The Intercept explains that at this point “[a]n implant plug-in named CAPTIVATEDAUDIENCE, for example, is used to take over a targeted computer’s microphone and record conversations taking place near the device. Another, GUMFISH, can covertly take over a computer’s webcam and snap photographs. FOGGYBOTTOM records logs of Internet browsing histories and collects login details and passwords used to access websites and email accounts. GROK is used to log keystrokes. And SALVAGERABBIT exfiltrates data from removable flash drives that connect to an infected computer.”

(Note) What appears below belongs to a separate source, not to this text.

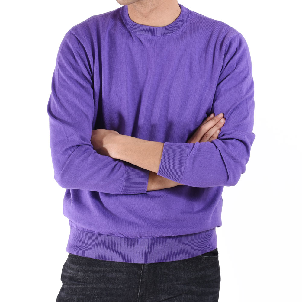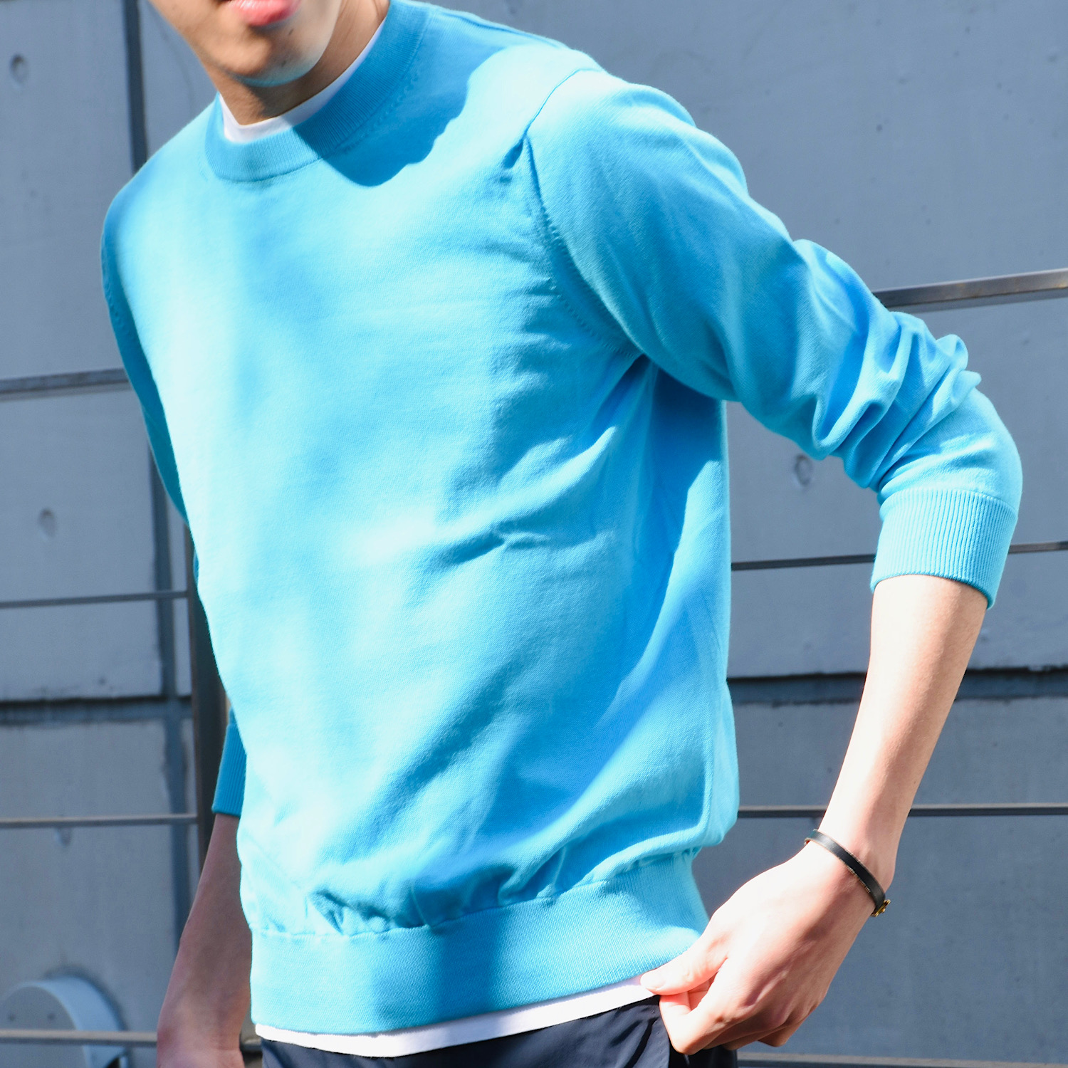・目の詰まったカジュアル感ある風合いから通称"スウェット風編み地"と呼ばれ、着れば極上のリラックスムードを醸す今の時代感にピッタリな編み地です。その編み地を使ったクルーネックに上品さを加えるべく、ネックリブ幅を細め(およそ2.5センチ)に別注しました。

As we are learning, the unmatched co-operation between NSA and GCHQ within the Five Eyes alliance has meant these aggressively scaled malware deployments are being launched from secret bases around the world, including Britain’s Menwith Hill.
Fighting back
Targeted intrusion into the devices we carry around with us daily, potentially on a grand scale, has only been allowed to occur because it has been done under the cover of secrecy and in the absence of public debate. Concerns about national security are only partially the reason government has been trying so hard to stop the Snowden disclosures; it’s also because they are scared of the public finding out – and contesting – what is being done in our name and for our “protection”.
Our devices are increasingly becoming an extension of who we are as individuals; they are mediums in which we remember things, express ourselves, create and maintain relationships, and interact in the modern world. To the likes of GCHQ and other intelligence agencies, however, our devices are merely a means of turning us into “targets”, dehumanising us and those we connect with. It is this hacking that deeply intrudes on our private lives, which are increasingly lived on our phones and computers.
This contempt is exemplified in one NSA document published by Der Spiegel, in which the agency jeers, “Who knew in 1984 that this [smart phones] would be Big Brother and the zombies would be paying customers?".
At Privacy International, we don’t believe our smart phones should be hijacked to serve Big Brother and we’re not zombies.
We’re citizens with rights, and we’re fighting back.